Stored entries:
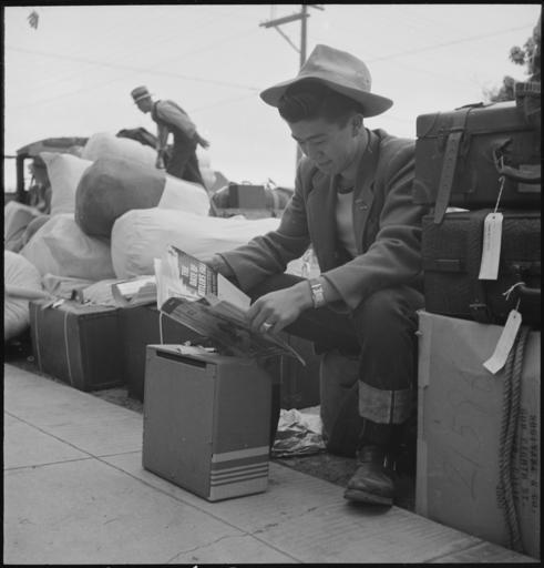 | Keywords: Hayward, California. Eddie Nomura, president of the senior class in the Hayward High School, reads . . . - NARA - 537517.jpg Scope and content The full caption for this photograph reads Hayward California Eddie Nomura president of the senior class in the Hayward High School reads magazine article The Date of Hitler's Fall as he awaits evacuation bus Evacuees of Japanese ancestry will be housed in War Relocation Authority centers for the duration General notes 537517 Local identifier 210-G-C167 Department of the Interior War Relocation Authority 02/16/1944 - 06/30/1946 NARA-Author Lange Dorothea 1895-1965 Photographer 1372774 <br /> Still Picture Records Section Special Media Archives Services Division NWCS-S National Archives at College Park 8601 Adelphi Road College Park MD 20740-6001 1997-05-08 Record group Record Group 210 Records of the War Relocation Authority 1941 - 1989 Record group ARC 537 Central Photographic File of the War Relocation Authority compiled 1942 - 1945 Series ARC 536000 File unit File unit ARC Variant control numbers NAIL Control Number NWDNS-210-G-C167 Other versions <gallery> File Hayward _California _Eddie_Nomura _president_of_the_senior_class_in_the_Hayward_High_School _reads_ _ _ _-_NARA_-_537517 tif tif File Hayward _California _Eddie_Nomura _president_of_the_senior_class_in_the_Hayward_High_School _reads_ _ _ _-_NARA_-_537517 jpg jpg </gallery> NARA-cooperation PD-USGov Dorothea Lange Japanese American internment processing in Hayward 1942 in California People of Hayward California Adolescent boys in the United States High school students in the United States Reading boys Students in California Boys wearing hats |
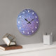 Modern abstract wall clocks with beautiful modern abstract design on the clock face in this decorative wall decor clock for your kitchen, bathroom, or any room in your house you want to add some colour and character. Colours include purple, pink and blue.
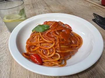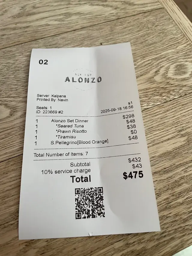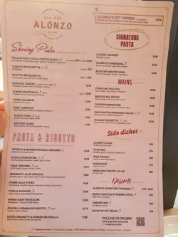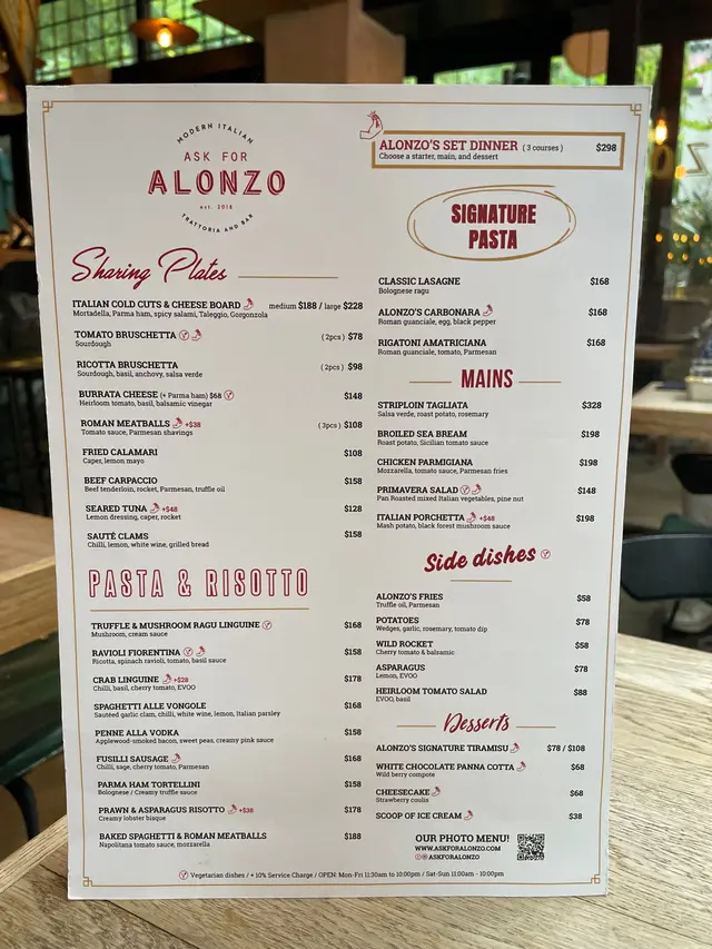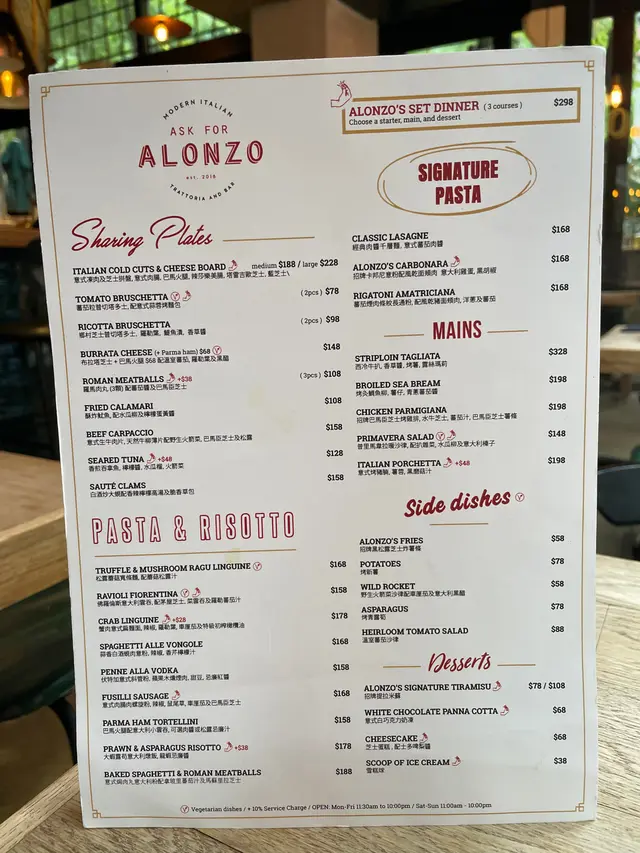 餐廳:Ask For Alonzo地點:大坑蓮花宮西街菜式:意大利近地中海省份的菜式餐牌:Set dinner$298另加一,包前菜9選1,主菜5選1或者意粉意飯12選1,同甜品4選1。某些菜式要加錢。飲品有雞尾酒,手工啤酒,咖啡茶,果汁等。麵包每人有兩款各一片,分別加有果乾同sun-dried tomato,好鬆軟,配自家製松露加巴馬臣芝士醬,食落又滑又香。Seared Tuna 加$48 另加一Lemon dressing, caper, rocket吞拿魚賣相一流,一客七片,整得都差唔多全熟,加有洋蔥碎紅椒碎同橄欖,下底墊有火箭菜沙律,伴有番茄乾同檸檬一件,加有滿滿橄欖油。吞拿魚都算嫩,沙律菜好夠油份不過唔膩,味道酸酸地,好啱悶熱夏天作為開胃菜。Roman Meatballs 加$38 另加一Tomato sauce, Parmesan shavings 羅馬肉丸用熱辣辣煎pan上枱,肉丸有牛有豬,面頭加上巴馬臣芝士醬,再加少少黑椒,下底有番茄醬。肉丸唔會死實或者過鹹,味道口感都唔錯,而芝士會拉絲,加上甜甜地番茄醬,好味道。Crab Linguine 加$28 另加一Chilli, basil, cherry tomato, EVOO非常滑溜扁意粉撈有唔少車厘茄同埋蟹肉,加有好多香草同胡椒。服務員於落單時已經提示呢道菜會有d辣,其實只係微微辣,味道帶好清新檸檬味,口感豐富,好味道。Prawn & Asparagus Risotto 加$38 另加一Creamy lobster bisque5隻燶面大蝦鹹香爽脆有海鮮味,燉飯醬汁豐富,龍蝦味夾雜好多蔬菜,包括車厘茄同蘆筍,口感味道豐富,面頭灑上香草,非常好食。CheesecakeStrawberry coulis大大件芝士蛋糕面頭加上士多啤梨醬,碟上面再加上紅莓醬同灑上糖霜。滑溜芝士蛋糕好滑,加上脆脆餅底同莓醬好美味,唔會太膩,口感似布丁。鮮蘋果汁 $48 另加一鮮蘋果汁係天然啡色,味道清甜。鮮橙汁 $48 另加一鮮橙汁有好多果肉,飲得出係新鮮。今餐前菜主菜甜品都好食,特別鍾意意粉同芝士蛋糕。餐廳環境半露天,係正蓮西宮隔離,感覺好chill。外籍服務員態度友好。…查看更多
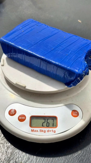 Com o auxílio do cão policial Maxx, os policiais realizaram buscas na região e encontraram 267 gramas de maconha.
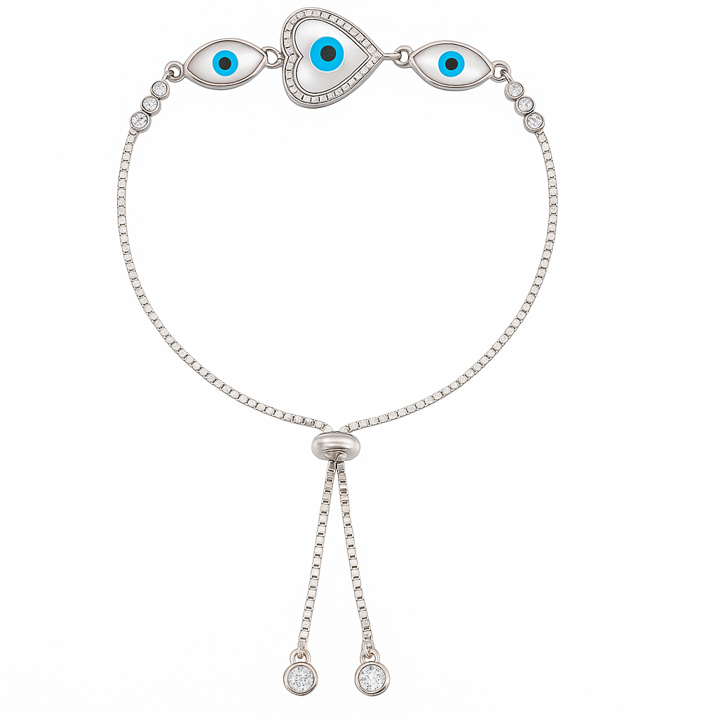 This elegant adjustable silver bracelet features a unique trio of charms – two protective evil eye motifs framing a radiant heart centerpiece adorned with fine, sparkling stones. The heart is set with a signature turquoise dot, symbolizing protection and love. The delicate box chain and sliding clasp ensure a perfect fit, making it both stylish and meaningful for everyday wear.

EXERCISE OBJECTIVE = The exact lines from the one containing "Com o auxílio" through the end of the data are to be copied, with both ends kept and pictures left out.

THE COMPLETED TASK =
 Com o auxílio do cão policial Maxx, os policiais realizaram buscas na região e encontraram 267 gramas de maconha.
 This elegant adjustable silver bracelet features a unique trio of charms – two protective evil eye motifs framing a radiant heart centerpiece adorned with fine, sparkling stones. The heart is set with a signature turquoise dot, symbolizing protection and love. The delicate box chain and sliding clasp ensure a perfect fit, making it both stylish and meaningful for everyday wear.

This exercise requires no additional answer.